— Supplied data —
Content starts

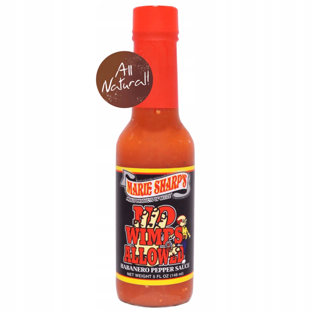 Рекомендовано для тих, хто їсть гострі страви середнього рівня - він буде ідеальним для щоденного використання практично для будь-яких страв! Піца, бургери, курка... чи, може, пельмені чи свинячі відбивні? Спробуйте його з будь-якою стравою, яку ви любите - Марі Шарп «No Wimps Allowed»покращить його смак і силу! Чудова добавка до супів, соусів, смажених і приготованих на грилі страв, морепродуктів і пасти.
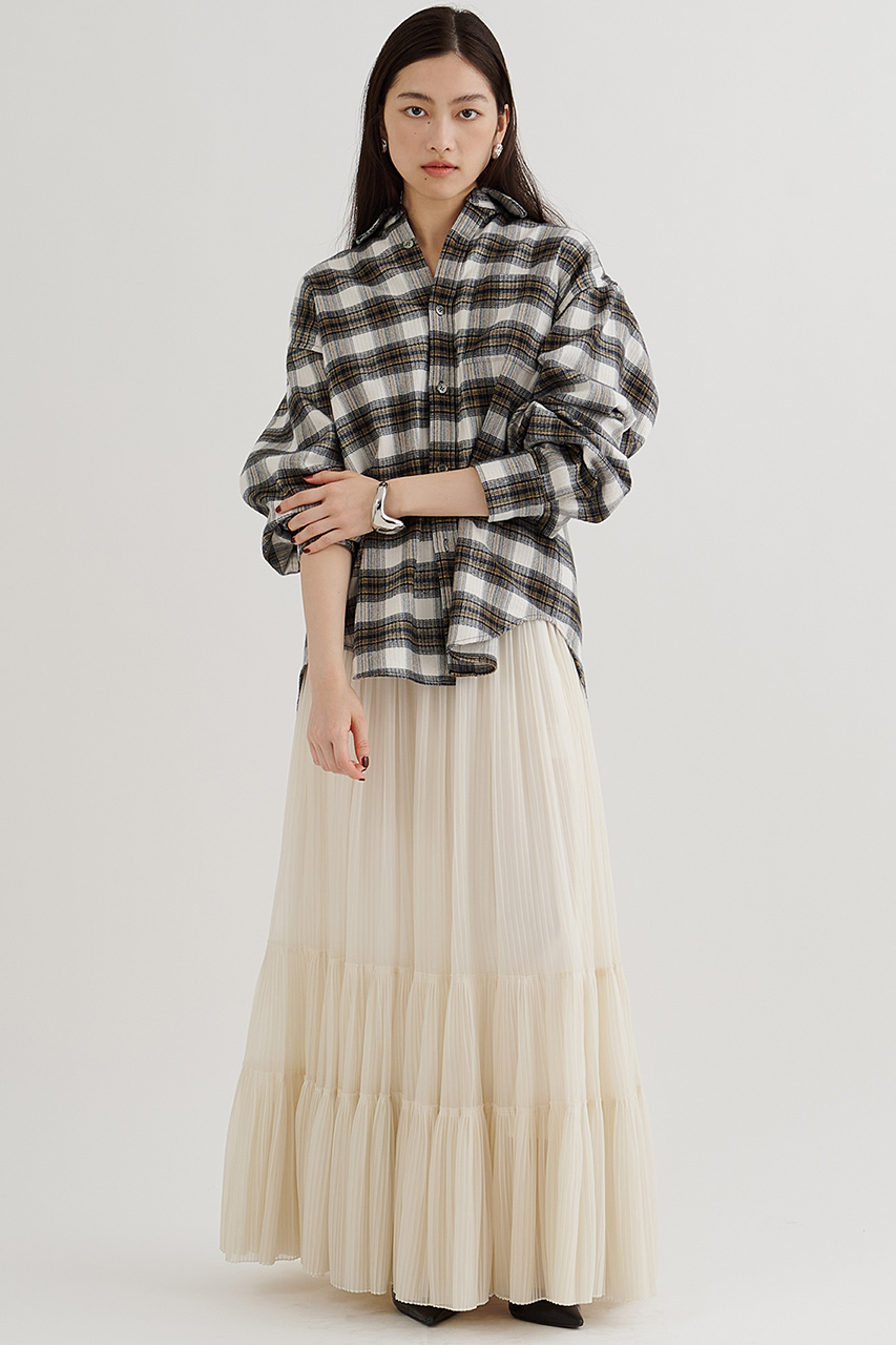ライナー付ミリタリーコート/オーガンジーティアードスカート
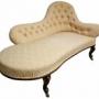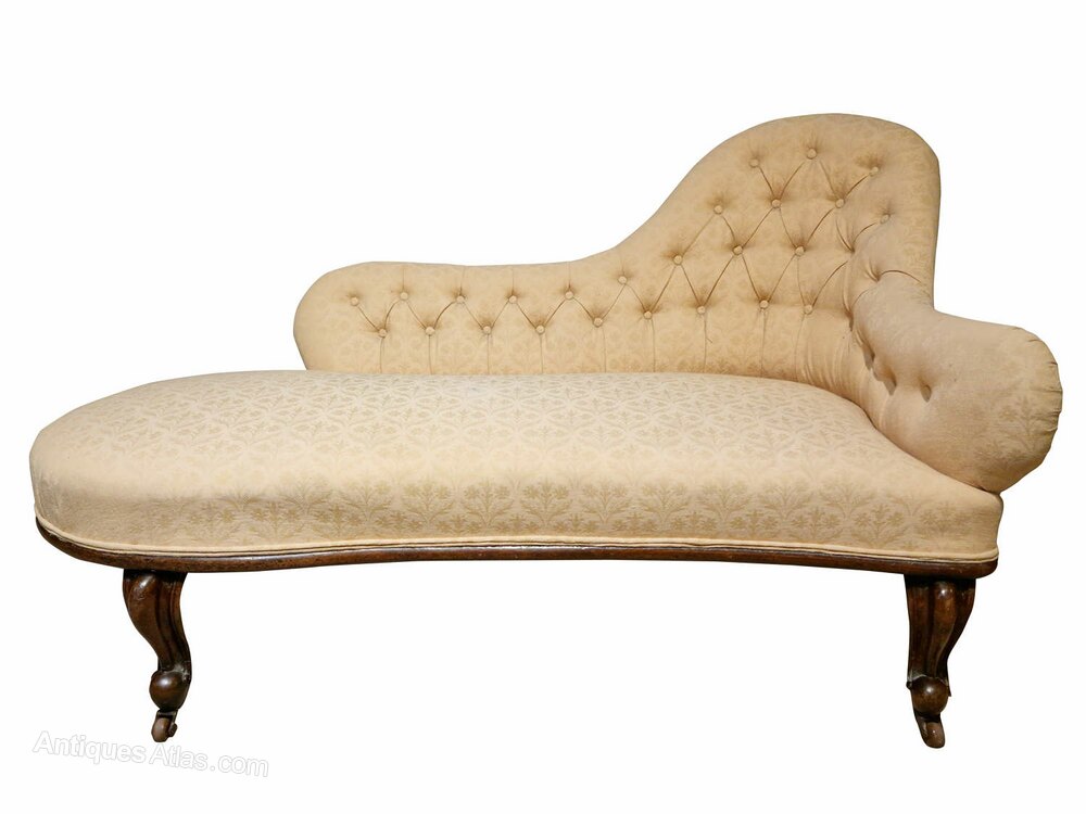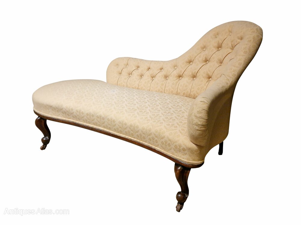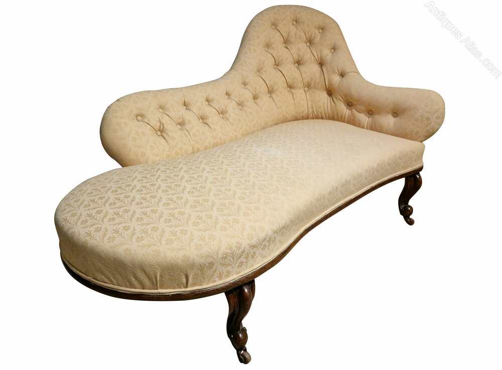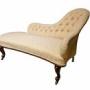 A small buttoned backed Victorian chaise longue on cabriole legs

Content ends

— Problem statement —
Transcribe the whole listing exactly. Pictures stay out of your copy.

— Result —
 Рекомендовано для тих, хто їсть гострі страви середнього рівня - він буде ідеальним для щоденного використання практично для будь-яких страв! Піца, бургери, курка... чи, може, пельмені чи свинячі відбивні? Спробуйте його з будь-якою стравою, яку ви любите - Марі Шарп «No Wimps Allowed»покращить його смак і силу! Чудова добавка до супів, соусів, смажених і приготованих на грилі страв, морепродуктів і пасти.
ライナー付ミリタリーコート/オーガンジーティアードスカート
 A small buttoned backed Victorian chaise longue on cabriole legs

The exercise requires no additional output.